» Problem description: An exact retyping of all lines below is the answer; pictures do not belong in it.

Data items:
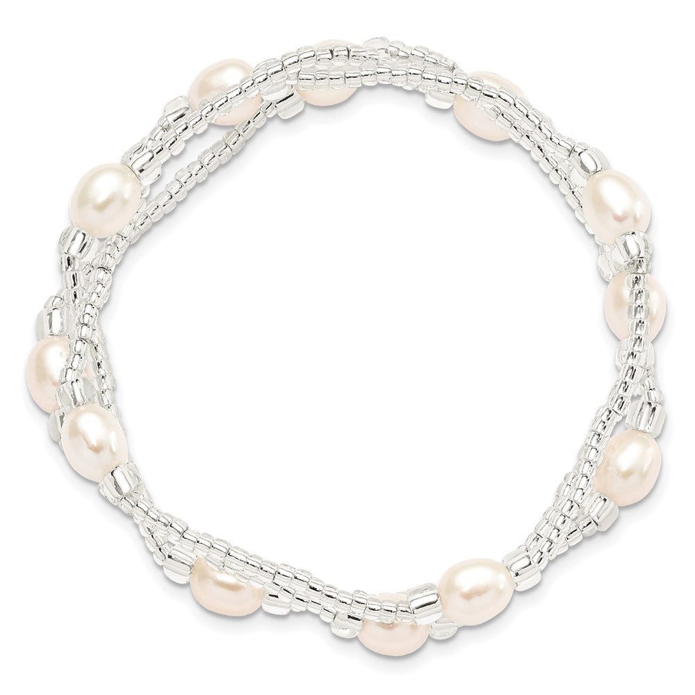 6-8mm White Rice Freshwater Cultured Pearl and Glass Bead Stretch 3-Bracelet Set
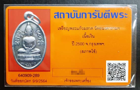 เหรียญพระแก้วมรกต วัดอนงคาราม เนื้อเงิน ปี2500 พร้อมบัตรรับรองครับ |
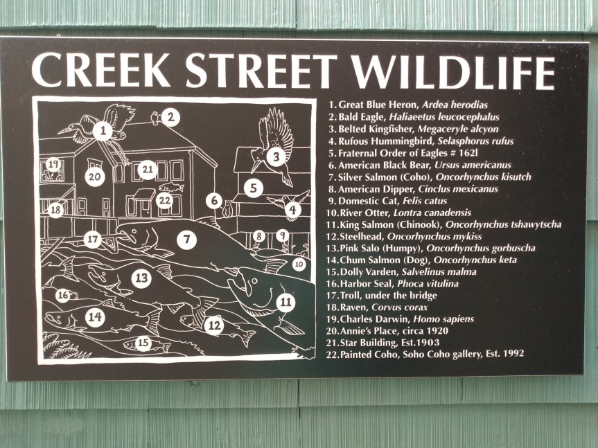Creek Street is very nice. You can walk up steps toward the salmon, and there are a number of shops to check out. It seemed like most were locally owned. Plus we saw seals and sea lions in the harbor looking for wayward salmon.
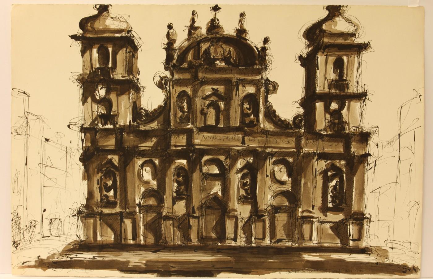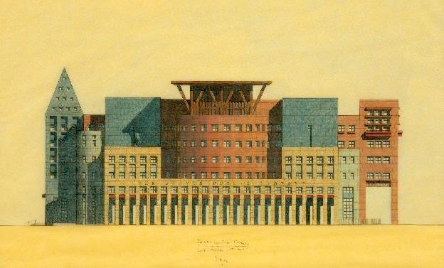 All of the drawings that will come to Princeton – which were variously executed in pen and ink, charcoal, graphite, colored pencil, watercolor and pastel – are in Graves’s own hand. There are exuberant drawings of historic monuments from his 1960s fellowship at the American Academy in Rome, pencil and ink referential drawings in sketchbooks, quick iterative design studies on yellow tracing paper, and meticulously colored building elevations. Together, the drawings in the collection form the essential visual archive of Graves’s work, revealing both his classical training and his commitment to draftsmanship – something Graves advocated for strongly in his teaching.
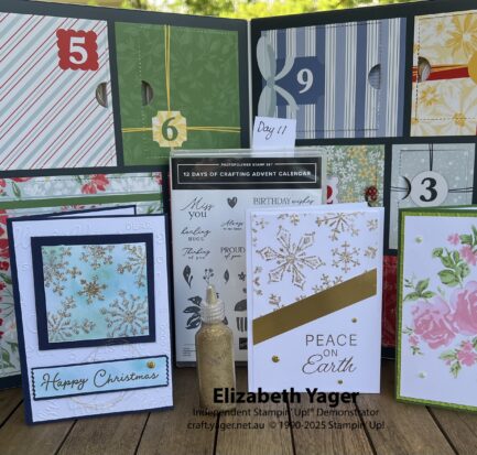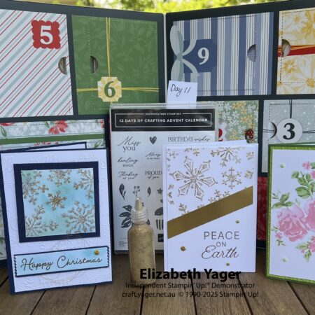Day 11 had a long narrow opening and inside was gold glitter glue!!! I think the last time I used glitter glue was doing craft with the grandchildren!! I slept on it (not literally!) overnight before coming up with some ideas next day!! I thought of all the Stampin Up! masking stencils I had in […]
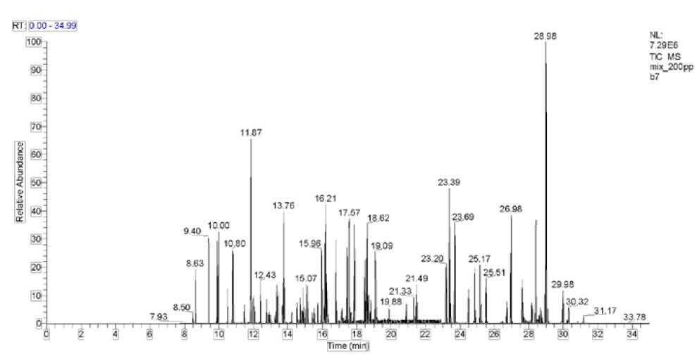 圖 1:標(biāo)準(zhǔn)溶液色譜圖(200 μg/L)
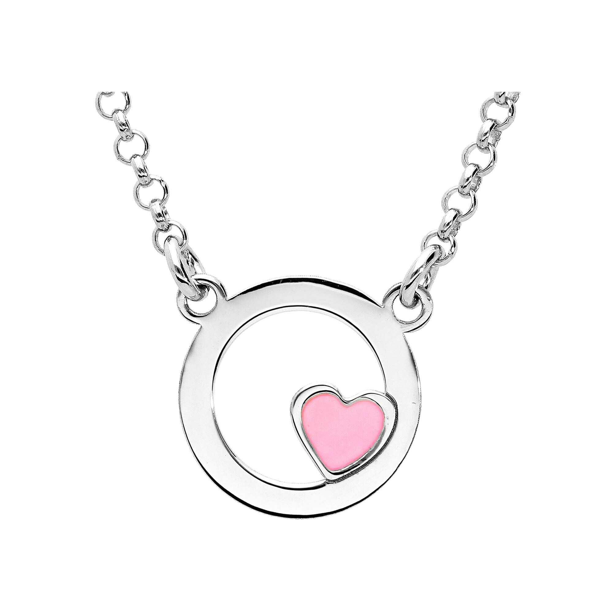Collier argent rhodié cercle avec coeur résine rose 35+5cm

» Reply to the task:
 6-8mm White Rice Freshwater Cultured Pearl and Glass Bead Stretch 3-Bracelet Set
 เหรียญพระแก้วมรกต วัดอนงคาราม เนื้อเงิน ปี2500 พร้อมบัตรรับรองครับ |
Creek Street is very nice. You can walk up steps toward the salmon, and there are a number of shops to check out. It seemed like most were locally owned. Plus we saw seals and sea lions in the harbor looking for wayward salmon.
 All of the drawings that will come to Princeton – which were variously executed in pen and ink, charcoal, graphite, colored pencil, watercolor and pastel – are in Graves’s own hand. There are exuberant drawings of historic monuments from his 1960s fellowship at the American Academy in Rome, pencil and ink referential drawings in sketchbooks, quick iterative design studies on yellow tracing paper, and meticulously colored building elevations. Together, the drawings in the collection form the essential visual archive of Graves’s work, revealing both his classical training and his commitment to draftsmanship – something Graves advocated for strongly in his teaching.
Day 11 had a long narrow opening and inside was gold glitter glue!!! I think the last time I used glitter glue was doing craft with the grandchildren!! I slept on it (not literally!) overnight before coming up with some ideas next day!! I thought of all the Stampin Up! masking stencils I had in […]
 圖 1:標(biāo)準(zhǔn)溶液色譜圖(200 μg/L)
Collier argent rhodié cercle avec coeur résine rose 35+5cm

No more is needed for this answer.